The conversion from Datalog atom to Relational Algebra string works as follows (describe in an inside-out manner, with p(x,20,x,y,"john",x,y) as an example):
  1. First produce a list of variables, x_0, ..., x_n-1, where n is the number of arguments in the Datalog atom and generate the following string:
    rename[x_0,x_1,x_2,x_3,x_4,x_5,x_6](p)
    
  2. Next, generate the select conditions; There are two types of select conditions: one that correspond to the numeric or string constants in the Datalog atom and the other that correspond to repeated variable arguments in the Datalog atom. Combine all of the conditions with "and" and generate the following string:
    select[x_1=20 and x_4="john" and x_0=x_2 and x_2=x_5 and x_3=x_6](rename[x_0,x_1,x_2,x_3,x_4,x_5,x_6](p))
    
    As you can see, there are two conditions that correspond to the constant arguments of the atom, two conditions to ensure that the 3 instances of variable x are equated and one condition to ensure that the 2 instances of the variable y are equated. Notice that this string builds on the string generated in the previous step.
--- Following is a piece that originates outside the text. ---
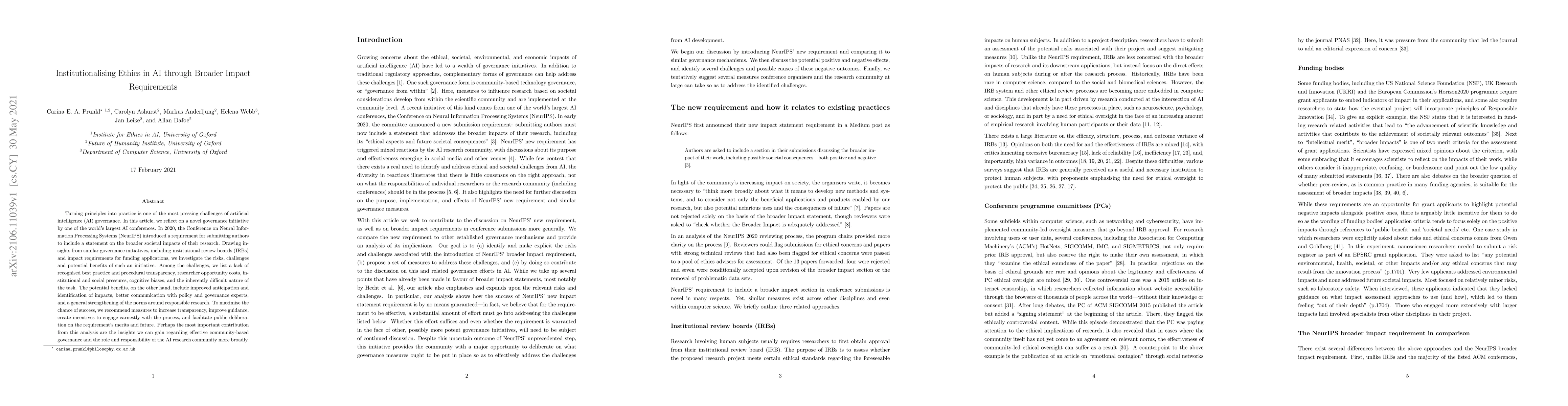 This paper examines the introduction of broader impact requirements at the NeurIPS conference to institutionalize ethics in AI, analyzing associated risks, challenges, and benefits. It recommends enhancing transparency, guidance, and public deliberation to improve the initiative's success and effectiveness in fostering responsible AI research.

  3. Next, generate the project list; this list consists of the unique variables in the Datalog atom (in this case the unique variables are x and y); Generate the following string, again building on the previous string:
    project[x_0,x_3](select[x_1=20 and x_4="john" and x_0=x_2 and x_2=x_5 and x_3=x_6](rename[x_0,x_1,x_2,x_3,x_4,x_5,x_6](p)))
    
  4. In the final step, produce the rename list of unique variables from the original names of variables and generate the final string:
    rename[x,y](project[x_0,x_3](select[x_1=20 and x_4="john" and x_0=x_2 and x_2=x_5 and x_3=x_6](rename[x_0,x_1,x_2,x_3,x_4,x_5,x_6](p))))
    
Notice that in the final example, student(x,y,z), there are no constant arguments and no repeated variables. In this case the select conditions will be empty. In this case produce only the final rename part as shown in the sample run. This is a special case and can be handled at the end.

Submit the following files: DLOGAtom.py, DLOGAtomLexer.py, DLOGAtomParser.py, and README.

Since this assignment consists of several phases, and in case you cannot complete the assignment fully, please put down all the phases that are working in the README file. You may also activated debug statements (prints) that show the parts working. Of course, if the program is working then comment out all the debug prints.